══ The input

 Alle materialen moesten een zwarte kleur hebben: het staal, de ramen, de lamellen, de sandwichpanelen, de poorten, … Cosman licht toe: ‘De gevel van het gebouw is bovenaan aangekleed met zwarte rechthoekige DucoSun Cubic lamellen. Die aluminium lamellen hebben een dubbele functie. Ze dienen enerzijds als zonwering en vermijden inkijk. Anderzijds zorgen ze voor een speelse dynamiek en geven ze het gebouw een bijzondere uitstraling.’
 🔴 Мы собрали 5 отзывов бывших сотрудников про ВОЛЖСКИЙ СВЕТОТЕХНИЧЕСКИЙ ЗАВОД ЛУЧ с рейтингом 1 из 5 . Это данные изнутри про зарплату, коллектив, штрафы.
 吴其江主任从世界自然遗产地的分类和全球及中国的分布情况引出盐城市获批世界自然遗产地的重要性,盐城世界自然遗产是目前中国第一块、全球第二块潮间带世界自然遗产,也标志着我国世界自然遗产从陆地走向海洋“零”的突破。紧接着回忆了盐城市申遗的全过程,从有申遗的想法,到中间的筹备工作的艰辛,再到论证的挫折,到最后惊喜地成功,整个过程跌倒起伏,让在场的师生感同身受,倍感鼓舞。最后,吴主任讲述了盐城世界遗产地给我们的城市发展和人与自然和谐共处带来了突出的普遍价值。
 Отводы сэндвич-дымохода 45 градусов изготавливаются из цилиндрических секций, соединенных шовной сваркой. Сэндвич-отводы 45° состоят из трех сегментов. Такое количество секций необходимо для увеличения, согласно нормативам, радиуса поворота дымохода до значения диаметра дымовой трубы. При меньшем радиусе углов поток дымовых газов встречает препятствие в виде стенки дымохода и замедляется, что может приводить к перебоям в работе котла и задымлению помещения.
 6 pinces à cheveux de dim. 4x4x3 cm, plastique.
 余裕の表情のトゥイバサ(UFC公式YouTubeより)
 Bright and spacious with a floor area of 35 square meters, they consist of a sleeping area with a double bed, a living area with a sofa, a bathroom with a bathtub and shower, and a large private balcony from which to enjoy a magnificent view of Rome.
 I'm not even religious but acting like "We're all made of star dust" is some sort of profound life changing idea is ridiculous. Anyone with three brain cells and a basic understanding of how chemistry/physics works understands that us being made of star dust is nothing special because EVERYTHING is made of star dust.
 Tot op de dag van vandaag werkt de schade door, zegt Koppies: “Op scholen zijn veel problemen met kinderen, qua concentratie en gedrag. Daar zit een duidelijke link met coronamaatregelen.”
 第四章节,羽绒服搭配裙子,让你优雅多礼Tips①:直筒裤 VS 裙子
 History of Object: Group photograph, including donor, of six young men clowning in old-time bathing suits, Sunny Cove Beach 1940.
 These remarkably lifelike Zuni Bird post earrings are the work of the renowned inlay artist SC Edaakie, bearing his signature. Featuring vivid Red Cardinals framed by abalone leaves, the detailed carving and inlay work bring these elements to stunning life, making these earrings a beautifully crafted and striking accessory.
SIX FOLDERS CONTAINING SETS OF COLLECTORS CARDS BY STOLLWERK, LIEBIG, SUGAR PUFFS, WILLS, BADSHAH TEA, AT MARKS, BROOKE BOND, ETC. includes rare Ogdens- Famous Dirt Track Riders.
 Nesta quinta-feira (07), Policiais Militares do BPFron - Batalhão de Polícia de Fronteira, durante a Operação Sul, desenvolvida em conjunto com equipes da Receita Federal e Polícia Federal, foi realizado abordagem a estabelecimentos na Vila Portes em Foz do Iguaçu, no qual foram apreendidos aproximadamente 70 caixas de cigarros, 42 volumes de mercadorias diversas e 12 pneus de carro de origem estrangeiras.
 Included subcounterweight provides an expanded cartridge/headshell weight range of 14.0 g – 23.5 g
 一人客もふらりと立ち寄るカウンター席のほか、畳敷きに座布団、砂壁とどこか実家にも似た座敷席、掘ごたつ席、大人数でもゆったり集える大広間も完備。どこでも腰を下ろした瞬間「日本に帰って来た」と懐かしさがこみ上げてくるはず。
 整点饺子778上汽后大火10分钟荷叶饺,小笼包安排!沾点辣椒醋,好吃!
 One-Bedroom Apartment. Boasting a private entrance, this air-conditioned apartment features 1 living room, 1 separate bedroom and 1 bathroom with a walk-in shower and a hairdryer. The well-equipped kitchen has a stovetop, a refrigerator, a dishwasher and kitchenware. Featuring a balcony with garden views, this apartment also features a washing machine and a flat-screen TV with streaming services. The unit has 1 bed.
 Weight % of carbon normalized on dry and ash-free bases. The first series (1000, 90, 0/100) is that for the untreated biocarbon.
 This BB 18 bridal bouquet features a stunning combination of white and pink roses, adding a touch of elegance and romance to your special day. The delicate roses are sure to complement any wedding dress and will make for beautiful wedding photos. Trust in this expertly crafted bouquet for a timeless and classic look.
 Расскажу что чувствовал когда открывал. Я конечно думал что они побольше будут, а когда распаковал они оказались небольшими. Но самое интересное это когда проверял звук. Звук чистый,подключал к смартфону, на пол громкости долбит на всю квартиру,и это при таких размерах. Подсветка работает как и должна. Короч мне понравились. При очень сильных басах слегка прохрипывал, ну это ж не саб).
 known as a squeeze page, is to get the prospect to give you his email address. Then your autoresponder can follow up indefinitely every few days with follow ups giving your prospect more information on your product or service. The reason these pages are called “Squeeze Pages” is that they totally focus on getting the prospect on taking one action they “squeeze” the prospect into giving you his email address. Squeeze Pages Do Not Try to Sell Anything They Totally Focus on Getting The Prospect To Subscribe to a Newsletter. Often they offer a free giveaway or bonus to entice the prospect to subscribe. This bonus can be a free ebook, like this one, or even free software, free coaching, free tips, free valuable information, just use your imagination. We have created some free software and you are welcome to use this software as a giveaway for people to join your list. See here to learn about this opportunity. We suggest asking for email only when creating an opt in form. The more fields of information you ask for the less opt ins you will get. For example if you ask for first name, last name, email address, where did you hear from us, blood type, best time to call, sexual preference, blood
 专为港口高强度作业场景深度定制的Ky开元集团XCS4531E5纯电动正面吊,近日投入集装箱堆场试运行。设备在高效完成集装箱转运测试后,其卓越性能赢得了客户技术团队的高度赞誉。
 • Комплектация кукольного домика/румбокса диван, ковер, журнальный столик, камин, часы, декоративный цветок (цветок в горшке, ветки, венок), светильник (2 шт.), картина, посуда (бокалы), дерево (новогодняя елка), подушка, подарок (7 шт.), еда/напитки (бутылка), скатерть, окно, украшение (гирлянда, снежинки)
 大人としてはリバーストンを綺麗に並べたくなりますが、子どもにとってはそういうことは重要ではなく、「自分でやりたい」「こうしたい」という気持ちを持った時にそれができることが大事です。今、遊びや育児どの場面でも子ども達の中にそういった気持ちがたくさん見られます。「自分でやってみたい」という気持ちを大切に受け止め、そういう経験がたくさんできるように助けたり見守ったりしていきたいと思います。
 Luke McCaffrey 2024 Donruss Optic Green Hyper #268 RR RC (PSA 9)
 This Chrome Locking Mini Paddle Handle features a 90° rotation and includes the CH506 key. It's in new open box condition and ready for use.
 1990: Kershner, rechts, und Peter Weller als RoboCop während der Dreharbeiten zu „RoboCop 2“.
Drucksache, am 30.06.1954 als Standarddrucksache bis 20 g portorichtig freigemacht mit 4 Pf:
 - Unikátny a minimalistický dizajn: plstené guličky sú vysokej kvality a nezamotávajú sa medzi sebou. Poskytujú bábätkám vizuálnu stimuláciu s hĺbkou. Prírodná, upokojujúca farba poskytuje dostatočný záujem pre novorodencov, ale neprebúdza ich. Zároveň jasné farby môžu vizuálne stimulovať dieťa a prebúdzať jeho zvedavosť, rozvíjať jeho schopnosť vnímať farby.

════

• _Your instructions_
From the records above, pick out and copy each line holding the word "balcony".

• _Response area_
 Bright and spacious with a floor area of 35 square meters, they consist of a sleeping area with a double bed, a living area with a sofa, a bathroom with a bathtub and shower, and a large private balcony from which to enjoy a magnificent view of Rome.
 One-Bedroom Apartment. Boasting a private entrance, this air-conditioned apartment features 1 living room, 1 separate bedroom and 1 bathroom with a walk-in shower and a hairdryer. The well-equipped kitchen has a stovetop, a refrigerator, a dishwasher and kitchenware. Featuring a balcony with garden views, this apartment also features a washing machine and a flat-screen TV with streaming services. The unit has 1 bed.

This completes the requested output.